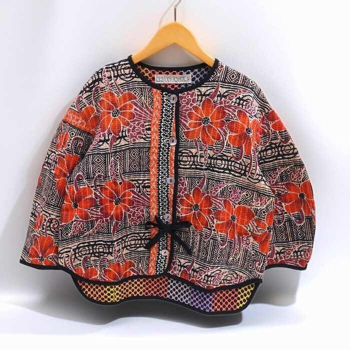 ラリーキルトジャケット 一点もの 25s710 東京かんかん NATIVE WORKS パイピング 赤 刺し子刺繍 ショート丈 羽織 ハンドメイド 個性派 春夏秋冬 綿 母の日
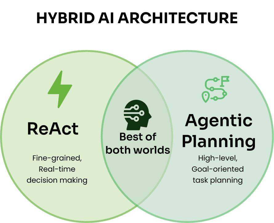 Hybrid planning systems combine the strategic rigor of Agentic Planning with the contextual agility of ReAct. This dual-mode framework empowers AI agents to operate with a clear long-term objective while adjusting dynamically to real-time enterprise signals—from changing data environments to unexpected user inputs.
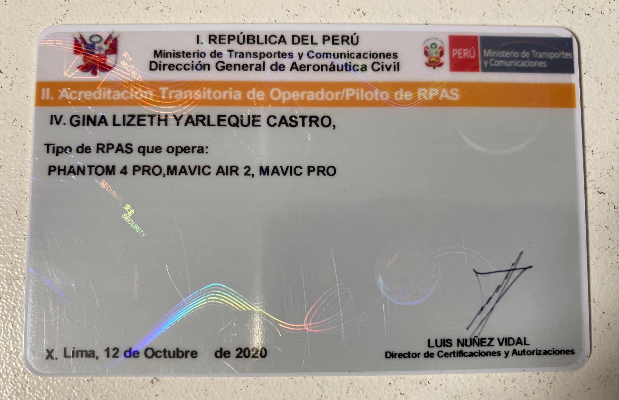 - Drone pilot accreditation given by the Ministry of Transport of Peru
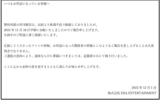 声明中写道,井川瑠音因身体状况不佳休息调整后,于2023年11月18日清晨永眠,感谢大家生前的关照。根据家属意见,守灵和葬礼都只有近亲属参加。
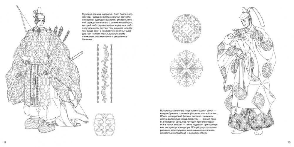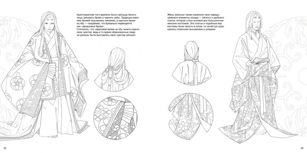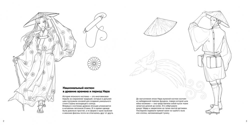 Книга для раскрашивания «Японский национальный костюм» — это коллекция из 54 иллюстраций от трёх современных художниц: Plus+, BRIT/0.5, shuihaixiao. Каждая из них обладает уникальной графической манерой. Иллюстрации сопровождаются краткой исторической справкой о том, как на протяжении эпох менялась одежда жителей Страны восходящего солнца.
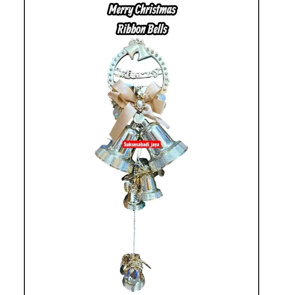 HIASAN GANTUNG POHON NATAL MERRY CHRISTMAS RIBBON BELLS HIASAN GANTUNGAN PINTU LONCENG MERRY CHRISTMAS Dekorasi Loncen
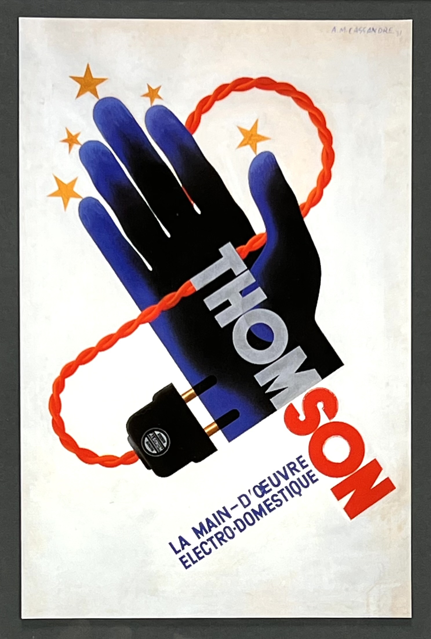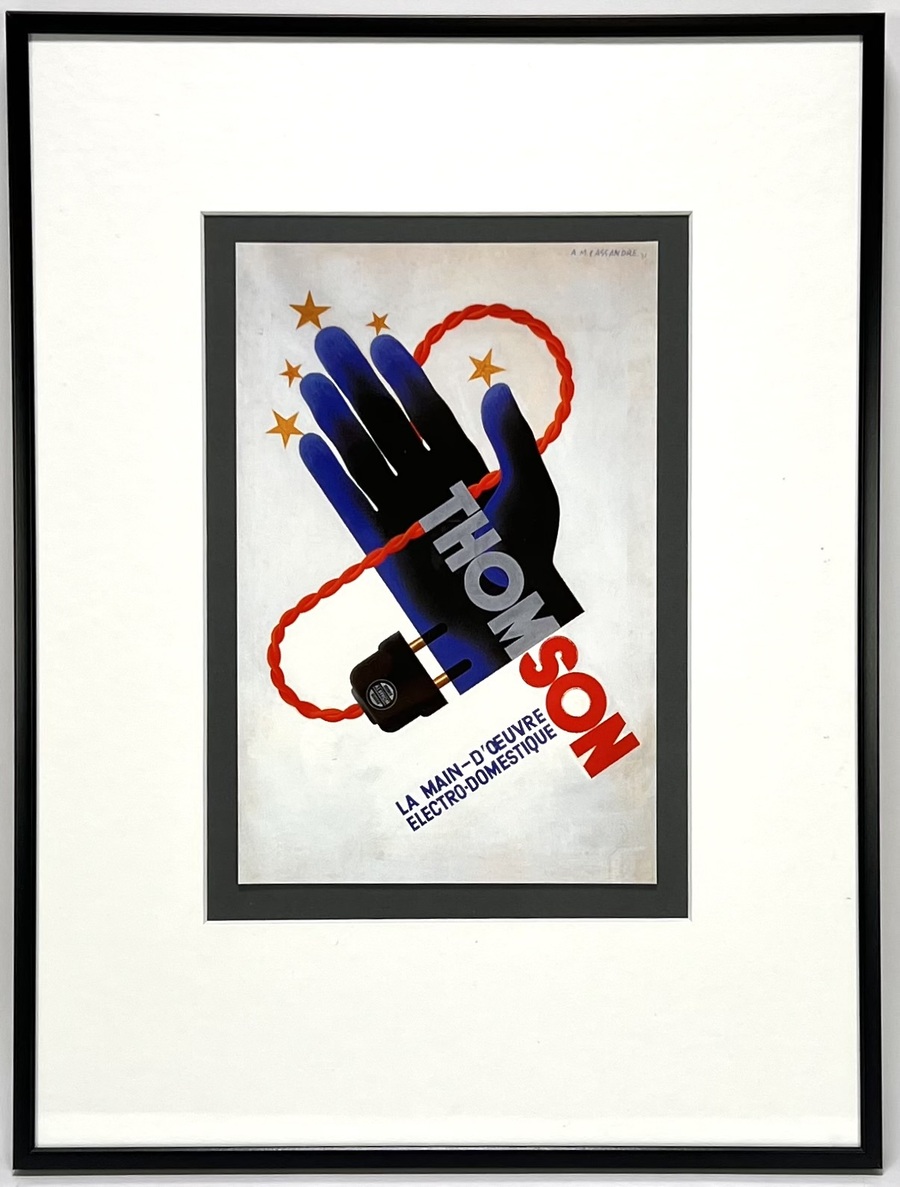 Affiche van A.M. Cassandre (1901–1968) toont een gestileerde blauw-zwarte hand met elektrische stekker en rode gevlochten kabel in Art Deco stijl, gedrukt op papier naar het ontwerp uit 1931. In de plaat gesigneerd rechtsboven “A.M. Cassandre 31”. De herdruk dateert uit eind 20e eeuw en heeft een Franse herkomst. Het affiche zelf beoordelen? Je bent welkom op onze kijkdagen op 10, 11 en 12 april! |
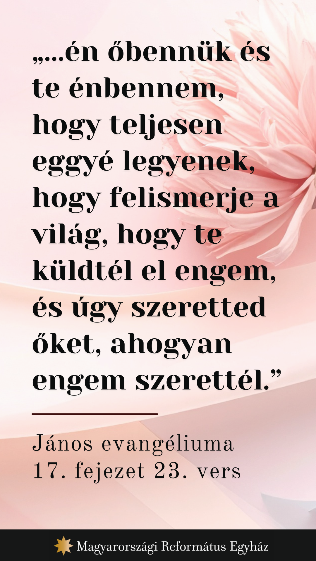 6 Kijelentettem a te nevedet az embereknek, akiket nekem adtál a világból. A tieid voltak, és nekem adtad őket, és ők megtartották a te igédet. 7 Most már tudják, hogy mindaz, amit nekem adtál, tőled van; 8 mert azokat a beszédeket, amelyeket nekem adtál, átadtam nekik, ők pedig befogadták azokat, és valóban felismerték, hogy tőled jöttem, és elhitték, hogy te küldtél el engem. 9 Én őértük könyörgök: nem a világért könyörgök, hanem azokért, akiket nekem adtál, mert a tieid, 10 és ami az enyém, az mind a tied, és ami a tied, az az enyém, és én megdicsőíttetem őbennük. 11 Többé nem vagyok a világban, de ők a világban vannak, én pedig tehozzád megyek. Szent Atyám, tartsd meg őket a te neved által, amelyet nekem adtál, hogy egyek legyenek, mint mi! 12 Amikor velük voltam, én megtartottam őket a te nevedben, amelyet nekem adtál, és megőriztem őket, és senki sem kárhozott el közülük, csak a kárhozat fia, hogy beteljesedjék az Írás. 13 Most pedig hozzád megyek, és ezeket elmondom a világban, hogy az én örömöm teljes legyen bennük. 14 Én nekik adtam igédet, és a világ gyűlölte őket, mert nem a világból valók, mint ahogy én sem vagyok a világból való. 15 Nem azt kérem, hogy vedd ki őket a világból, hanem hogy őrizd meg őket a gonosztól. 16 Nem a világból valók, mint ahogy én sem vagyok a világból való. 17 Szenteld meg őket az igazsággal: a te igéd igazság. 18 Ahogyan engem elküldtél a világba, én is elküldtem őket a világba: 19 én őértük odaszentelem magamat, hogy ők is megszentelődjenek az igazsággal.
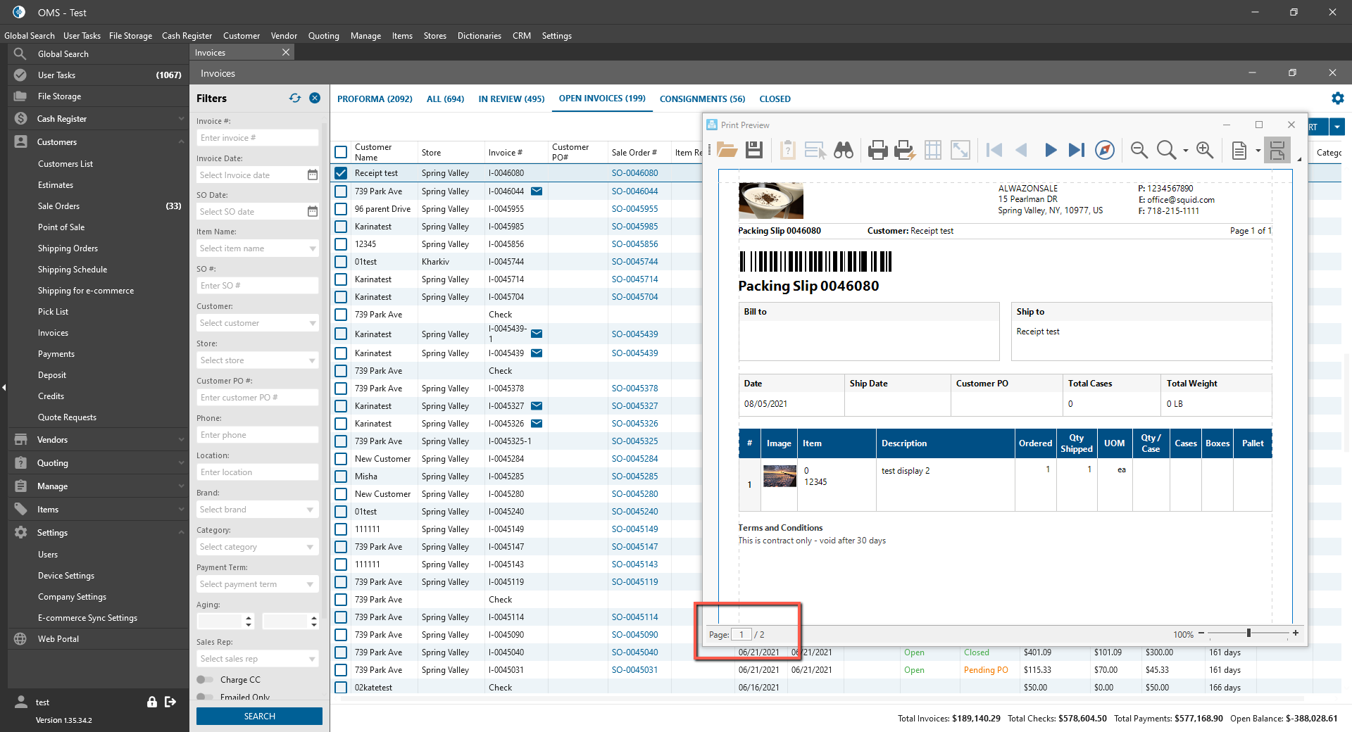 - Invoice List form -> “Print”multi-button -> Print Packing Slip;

———

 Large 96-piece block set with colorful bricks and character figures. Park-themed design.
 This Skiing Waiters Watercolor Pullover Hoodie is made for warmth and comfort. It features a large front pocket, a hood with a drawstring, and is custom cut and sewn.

———

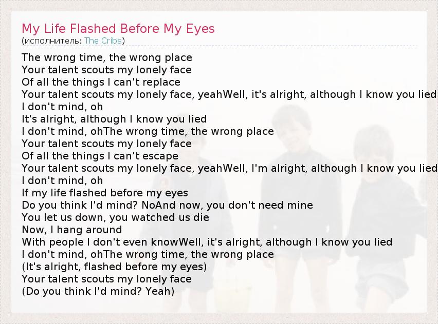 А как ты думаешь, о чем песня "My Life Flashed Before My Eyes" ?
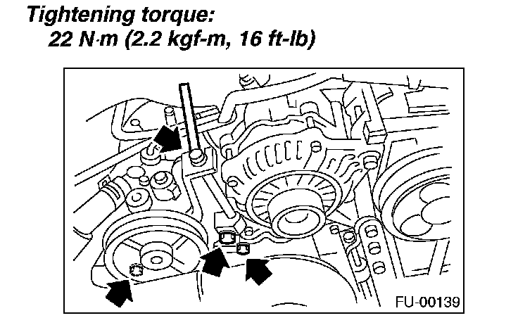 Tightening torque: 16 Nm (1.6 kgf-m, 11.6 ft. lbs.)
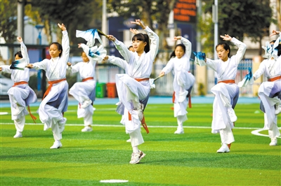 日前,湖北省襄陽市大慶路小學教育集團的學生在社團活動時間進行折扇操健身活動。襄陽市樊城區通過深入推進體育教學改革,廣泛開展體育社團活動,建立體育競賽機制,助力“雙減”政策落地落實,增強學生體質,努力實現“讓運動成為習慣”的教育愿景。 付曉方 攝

———

REQUIRED ACTION -
The answer must be the part of the records that opens with the line containing "ラリーキルトジャケット 一点もの 25s710" and closes with the line containing "声明中写道,井川瑠音因身体状", reproduced exactly, with no pictures.

WORKED SOLUTION -
 ラリーキルトジャケット 一点もの 25s710 東京かんかん NATIVE WORKS パイピング 赤 刺し子刺繍 ショート丈 羽織 ハンドメイド 個性派 春夏秋冬 綿 母の日
 Hybrid planning systems combine the strategic rigor of Agentic Planning with the contextual agility of ReAct. This dual-mode framework empowers AI agents to operate with a clear long-term objective while adjusting dynamically to real-time enterprise signals—from changing data environments to unexpected user inputs.
 - Drone pilot accreditation given by the Ministry of Transport of Peru
 声明中写道,井川瑠音因身体状况不佳休息调整后,于2023年11月18日清晨永眠,感谢大家生前的关照。根据家属意见,守灵和葬礼都只有近亲属参加。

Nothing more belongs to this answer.